Actually as i mentioned i'm switching from the m15x to the m14x. my m15x had a gtx graphic card, while the m14x has gt series which are really different in many aspects, like the memory bandwidths: *gt - 128 bit gtx - 256 bit *

My gtx 260m still runs battlefield 3 on high, no lag.
hence the confusion.


----------



## vkl (Jul 21, 2012)

rider said:


> GT 650M is great GPU only just 10% lower than GTX 660M in benchmarks, but big price difference.



Gtx660m is more like 20-30% faster in games like CoD:MW3,BF3,Batman:AC,dirt showdown,alan wake.
It is 15% faster in crysis 2
In other games it is like 15-20% faster.
In some games the gap is very though(8-12%)


----------



## Hrishi (Jul 21, 2012)

There is a throttling issue with GT650M at high temperature.
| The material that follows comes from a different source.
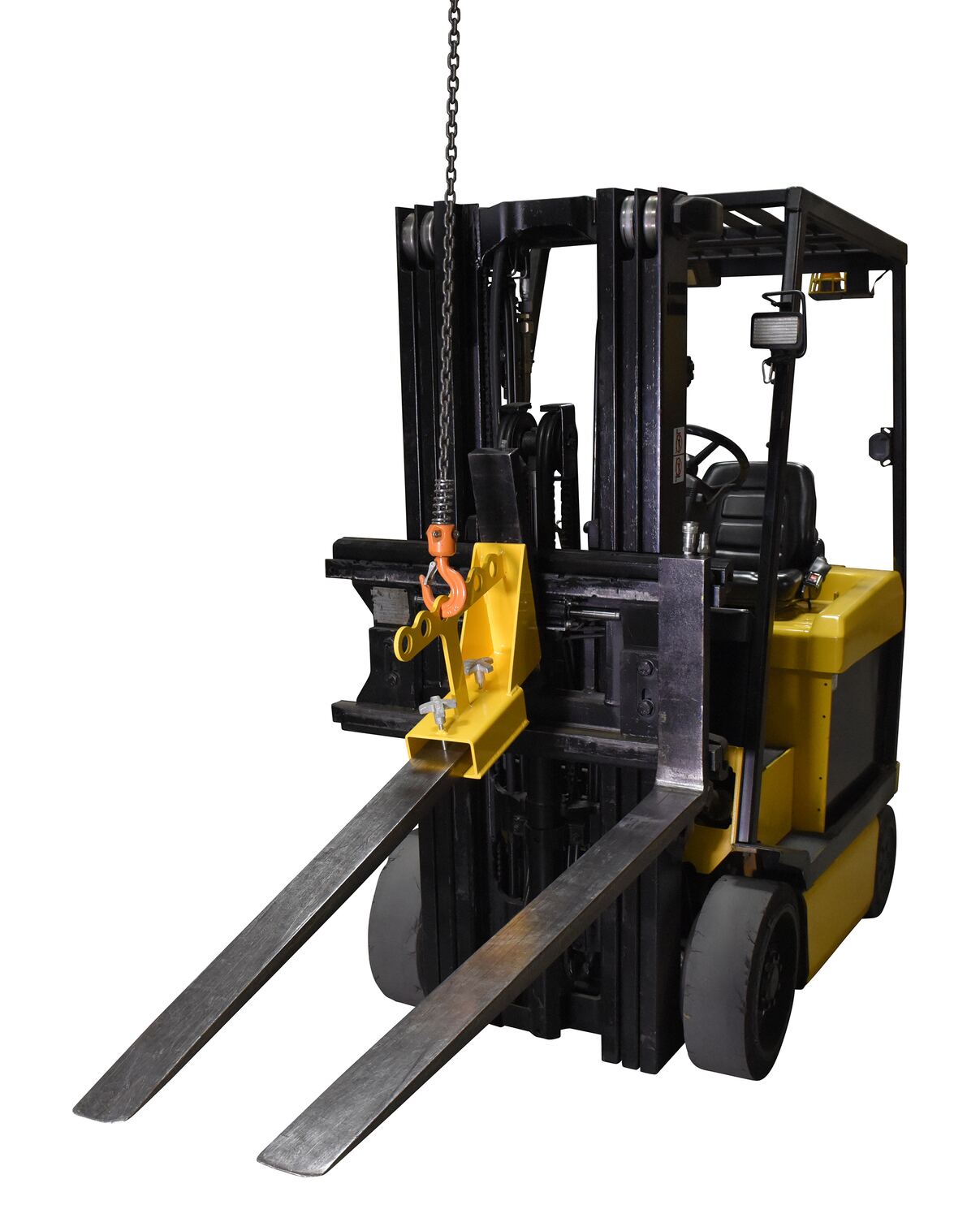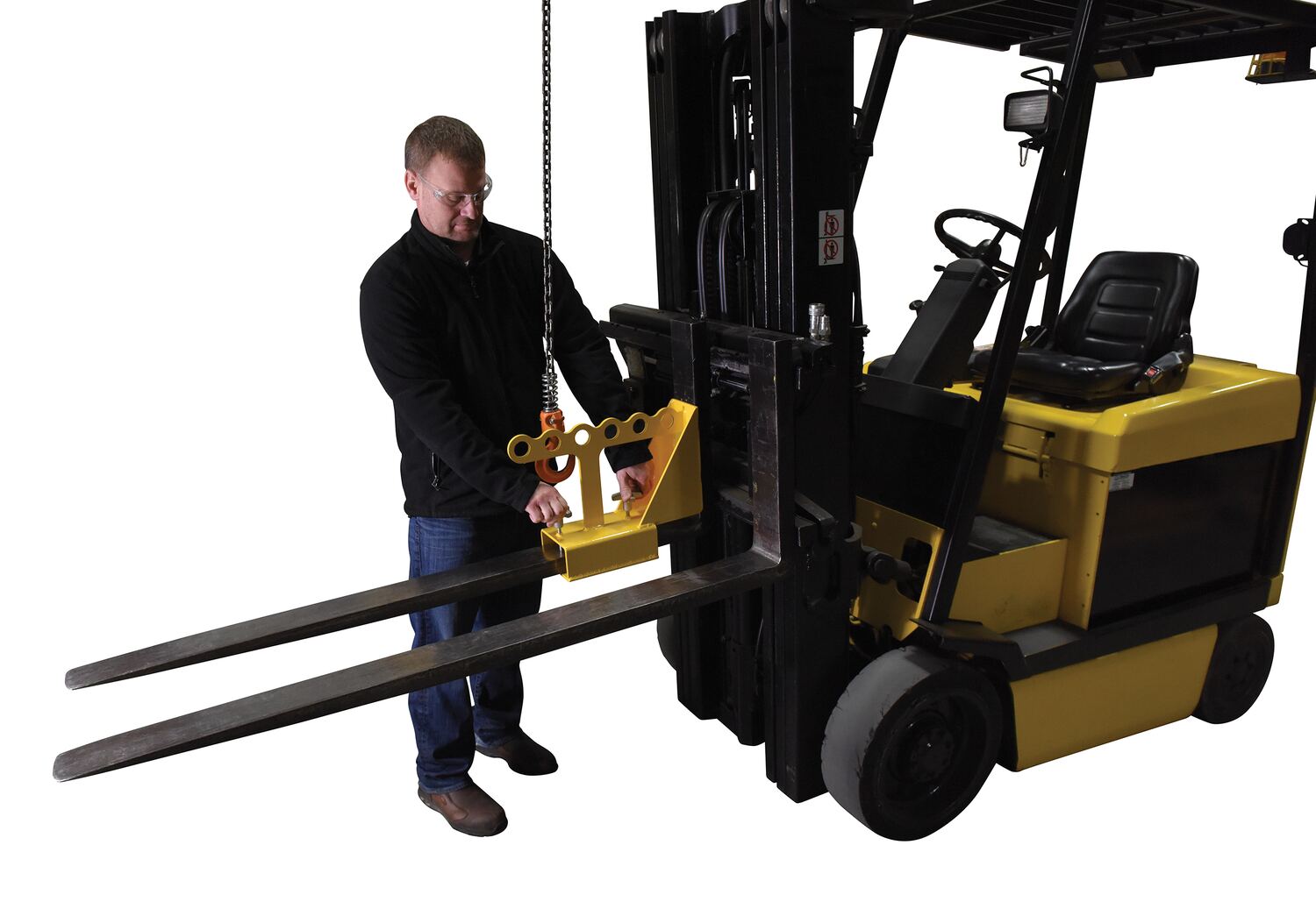 Manually lifting and carrying individual forklift forks used to be demanding, dangerous, and labor intensive. Now, thanks to Vestil's continuous ingenuity, work in the manufacturing, farm, and freight industries just got easier! This fork lifter is specifically designed to assist in removing forks from the forklift carriage. To use, simply slide the lifter over the body of the fork until it reaches the desired position and then tighten the two security knobs to prevent the lifter from moving further down the fork. The lifter is now ready to be attached to your lifting equipment by utilizing one of the six hook points!
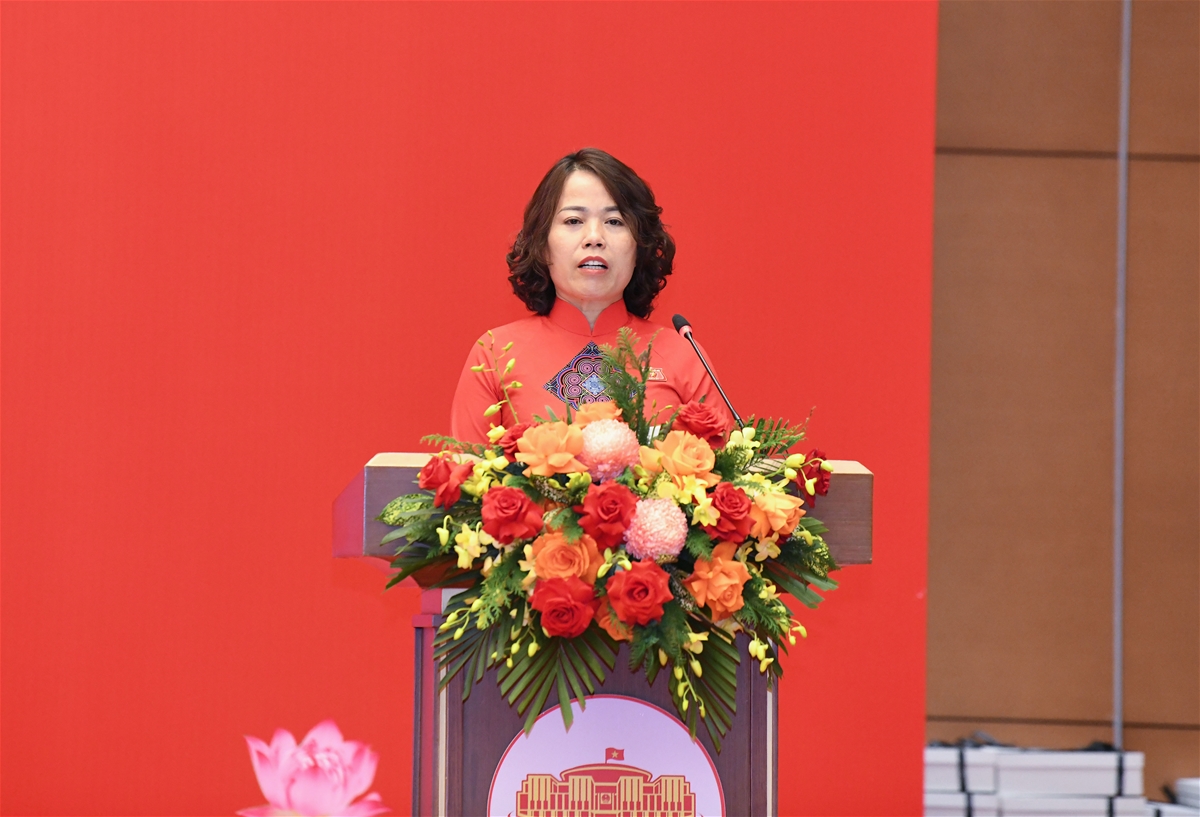 Đồng chí Lý Thị Lan, Uỷ viên BTV Tỉnh uỷ, Trưởng Đoàn ĐBQH hoạt động chuyên trách tỉnh Tuyên Quang, đại diện Thường trực Nhóm đại biểu Quốc hội chuyên trách địa phương phát biểu

Choose wisely.


----------



## rider (Jul 21, 2012)

vkl said:


> Gtx660m is more like 20-30% faster in games like CoD:MW3,BF3,Batman:AC,dirt showdown,alan wake.
> It is 15% faster in crysis 2
> In other games it is like 15-20% faster.
> In some games the gap is very though(8-12%)



I said in benchmarks, through 3DMark 11 score.


----------